48.There was also the contention that Section 153 of the Evidence Act, Cap. 80 of the Laws of Kenya was not complied with. The provision relates to witnesses being cross-examined on their previous statements relating to matters in question with a view of proving contradictions.
49.Clearly, the onus is on the Appellant to do so. The Appellant was given the statements by the witnesses who testified and remained at liberty to cross-examine any witness on their statements. This Court does not find any fault on the trial Court.
50.Having dealt with all issues and since none of them has impugned the prosecution’s evidence, this Court finds that the Appellant was properly identified as the perpetrator and that he was rightly found guilty and properly convicted. As such, the appeal against the conviction is hereby dismissed.
Sentence:
51.The Appellant was sentenced to 10 years imprisonment. The Appellant tendered mitigations and were duly considered by the sentencing Court.
52.The Court in Wanjema v Republic (1971) EA 493 laid down the general principles upon which the first appellate Court may act on when dealing with an appeal on sentence. An appellate Court can only interfere with the sentence imposed by the trial Court if it is satisfied that in arriving at the sentence the trial Court did not consider a relevant fact or that it considered an irrelevant factor or that in all the circumstances of the case, the sentence is harsh and excessive. However, the appellate Court must not lose sight of the fact that in sentencing, the trial Court exercised discretion and if the discretion is exercised judicially and not capriciously, the appellate Court should be slow to interfere with that discretion.
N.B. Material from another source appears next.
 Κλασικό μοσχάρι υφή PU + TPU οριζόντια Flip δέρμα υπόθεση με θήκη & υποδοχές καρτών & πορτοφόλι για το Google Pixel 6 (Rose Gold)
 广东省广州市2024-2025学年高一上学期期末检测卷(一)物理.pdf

53.There is no doubt the offence is serious. It appears that the Appellant and complainant were in a sexual relationship. The Appellant was 18 years old while the complainant was 16 years old.
54.Given the age difference, this Court believes that both the Appellant and complainant ought to be treated in such a manner that they are properly guided on life issues.
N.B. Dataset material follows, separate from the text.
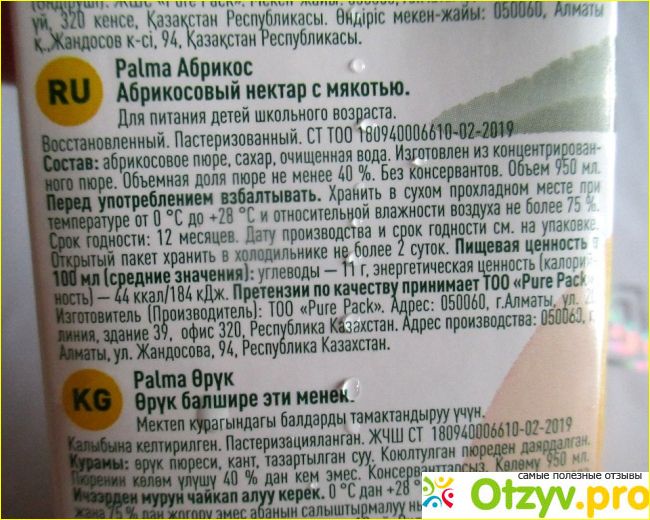 Производитель – известная торговая марка Palma Juice.

55.The Appellant has been in prison since 2020 when he was convicted and sentenced to serve a jail term of 10 years. He submitted that he had learnt his lesson while behind bars and promised to be of good character going forward. A Report by the Officer-in-Charge of the Prison Industry at Kitale Medium Prison dated 19th January, 2023 indicates that the Appellant was trained and qualified in carpentry and that he had fully reformed and is of high standard of discipline.
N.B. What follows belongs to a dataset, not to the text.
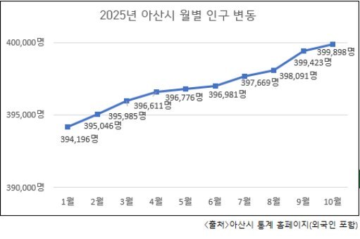 10월 말 기준 아산시 인구수는 외국인 포함 약 39만 9,898명으로, 102명이 더 늘면 ‘인구 40만’ 고지를 넘게 된다. 최근 매달 500~600명가량이 꾸준히 늘어나는 추세를 감안하면, 이달 중으로 40만 명 돌파가 확실시된다.

56.The Appellant was also in [Particulars withheld] Secondary School when he was convicted and sentenced. He is also desirous to go back to school.
57.On the basis of the foregoing, this Court is of the considered position that the Appellant ought to have been considered for a non-custodial sentence that would accord him another chance to mend his life and be guided on life issues.
58.This Court has, however, just been informed by the Prisons Department that the Appellant was released from prison. As such, this Court will bring the matter to an end.
Disposition:
DELIVERED, DATED AND SIGNED AT KITALE THIS 19TH DAY OF OCTOBER, 2023.A. C. MRIMAJUDGEJudgment delivered in open Court and in the presence of: -No appearance for John Chumba Apoloywo, the Appellant in person.Miss Kiptoo, Learned Prosecution Counsel instructed by the Office of the Director of Public Prosecutions for the Respondent.Regina/Chemutai – Court Assistants.
59.Drawing from the above considerations, the following final orders of this Court issue: -a.The appeal on conviction is hereby dismissed.b.The appeal on sentence is successful. The Appellant is hereby set at liberty save for the terms under which he was released from prison.It is so ordered.